Em suas razões, a parte autora pugna pela majoração do valor da indenização, ao argumento de que a quantia fixada não repara de forma integral o prejuízo experimentado. Litiga sob o pálio da gratuidade da justiça.

A requerida, por sua vez, discorre acerca da efetiva contratação, bem como da cessão de crédito. Afirma a inexistência de danos morais. Sucessivamente, pugna por sua redução e pela incidência de juros desde o arbitramento. Afirma, ainda, o descabimento da restituião dos valores, quer na forma simples, quer na forma dobrada. Pugna pelo provimento do apelo, inclusive para fins de redução de honorários. Realiza preparo.

Apenas a parte ré apresentou resposta.

Subiram os autos a esta Corte e vieram-me conclusos para julgamento.

Registra-se que foi observado o disposto nos arts. 931 e 934 do CPC/2015, em face da adoção do sistema informatizado.

É o relatório.

VOTO

De início, merece ser transcrita a fundamentação constante da sentença de lavra da Dra. Maria Oliver, que bem apreciou o caso dos autos, extraindo a decisão mais acertada:

(...)

Trata-se de ação por meio da qual busca a autora a declaração de inexistência do débito, representado no contrato n,º 330785346-9, o qual afirma nunca ter assinado; a restituição, em dobro, dos valores já descontados do seu benefício previdenciário, uma vez que indevidos; bem como a condenação do banco requerido ao pagamento de indenização por danos morais, no valor de R$10.000,00.

O requerido, por sua vez, sustentou a regularidade da contratação, afirmando que a autora, efetivamente, contratou o empréstimo consignado, junto ao Banco Pan, contrato que foi migrado, através de cessão de crédito, ao Banco Bradesco S.A., sendo lícitas as cobranças realizadas, e descabida a pretensão de indenização por danos morais.

Inicialmente, destaco que a hipótese presente nos autos do processo se caracteriza, perfeitamente, como relação de consumo, uma vez que as partes integrantes se encaixam nos conceitos descritos nos artigos 2.º e 3.º, §2.º, ambos do Código de Defesa do Consumidor, in verbis:

"Artigo 2.º Consumidor é toda pessoa física ou jurídica que adquire ou utiliza produto ou serviço como destinatário final.

"Artigo 3.º Fornecedor é toda pessoa física ou jurídica, pública ou privada, nacional ou estrangeira, bem como os entes despersonalizados que desenvolvem atividades de produção, montagem, criação, construção, transformação, importação, exportação, distribuição ou comercialização de produtos ou prestação de serviços. (…)

"§2.º Serviço é qualquer atividade fornecida no mercado de consumo mediante remuneração, inclusive as de natureza bancária, financeira, de crédito e securitária, salvo as decorrentes das relações de caráter trabalhista".

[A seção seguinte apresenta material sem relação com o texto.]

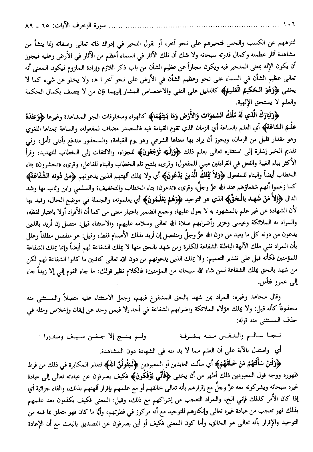 وَتَبارَكَ الَّذِي لَهُ مُلْكُ السَّماواتِ وَالْأَرْضِ وَما بَيْنَهُما كالهواء ومخلوقات الجو المشاهدة وغيرها وَعِنْدَهُ عِلْمُ السَّاعَةِ أي العلم بالساعة أي الزمان الذي تقوم القيامة فيه فالمصدر مضاف لمفعوله، والساعة بمعناها اللغوي وهو مقدار قليل من الزمان، ويجوز أن يراد بها معناها الشرعي وهو يوم القيامة، والمحذور مندفع بأدنى تأمل، وفي تقديم الخبر إشارة إلى استئثاره تعالى بعلم ذلك وَإِلَيْهِ تُرْجَعُونَ للجزاء، والالتفات إلى الخطاب للتهديد، وقرأ الأكثر بياء الغيبة والفعل في القراءتين مبني للمفعول وقرىء بفتح تاء الخطاب والبناء للفاعل، وقرىء «تحشرون» بتاء الخطاب أيضا والبناء للمفعول وَلا يَمْلِكُ الَّذِينَ يَدْعُونَ أي ولا يملك آلهتهم الذين يدعونهم مِنْ دُونِهِ الشَّفاعَةَ كما زعموا أنهم شفعاؤهم عند الله عزّ وجلّ، وقرىء «تدعون» بتاء الخطاب والتخفيف والسلمي وابن وثاب بها وشد الدال إِلَّا مَنْ شَهِدَ بِالْحَقِّ الذي هو التوحيد وَهُمْ يَعْلَمُونَ أي يعلمونه، والجملة في موضع الحال، وقيد بها لأن الشهادة عن غير علم بالمشهود به لا يعول عليها، وجمع الضمير باعتبار معنى من كما أن الأفراد أولا باعتبار لفظه، والمراد به الملائكة وعيسى وعزير وأضرابهم صلاة الله تعالى وسلامه عليهم، والاستثناء قيل: متصل إن أريد بالذين يدعون من دونه كل ما يعبد من دون الله عزّ وجلّ ومنفصل إن أريد بذلك الأصنام فقط، وقيل: هو منفصل مطلقا وعلل بأن المراد نفي ملك الآلهة الباطلة الشفاعة للكفرة ومن شهد بالحق منها لا يملك الشفاعة للمؤمنين فكأنه قيل على تقدير التعميم: ولا يملك الذين يدعونهم من دون الله تعالى كائنين ما كانوا الشفاعة لهم لكن من شهد بالحق يملك الشفاعة لمن شاء الله سبحانه من المؤمنين فالكلام نظير قولك: ما جاء القوم إلي إلا زيدا جاء إلى عمرو فتأمل.

Tratando-se de relação de consumo, o referido diploma legal estabelece, dentre os direitos básicos do consumidor, a inversão do ônus da prova:

"Artigo 6.º São direitos básicos do consumidor: (...)

"VIII - a facilitação da defesa de seus direitos, inclusive com a inversão do ônus da prova, a seu favor, no processo civil, quando, a critério do juiz, for verossímil a alegação ou quando for ele hipossuficiente, segundo as regras ordinárias de experiências".

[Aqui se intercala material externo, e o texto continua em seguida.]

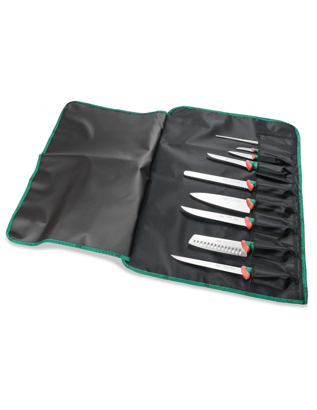 Набор кухонных ножей Sanelli Premana 9 шт. в сумке-свертке зеленый 983609

Como se vê, o intuito do Código de Defesa do Consumidor é estabelecer o equilíbrio necessário para uma relação harmônica entre as partes na relação de consumo, suprindo a hipossuficiência do mais frágil, que é, obviamente, o consumidor.

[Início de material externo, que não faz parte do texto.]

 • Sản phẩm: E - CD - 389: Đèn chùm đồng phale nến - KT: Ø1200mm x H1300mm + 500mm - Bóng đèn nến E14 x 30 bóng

Importante ressaltar, entretanto, que a inversão do ônus da prova não exime o consumidor da comprovação do fato constitutivo do direito alegado, nos termos do artigo 373, inciso I, do CPC.

Analisando a prova produzida nos autos do processo, considerando que a autora alegou desconhecer a contratação com o banco requerido, para quem são pagos os valores que estão sendo descontados no seu benefício...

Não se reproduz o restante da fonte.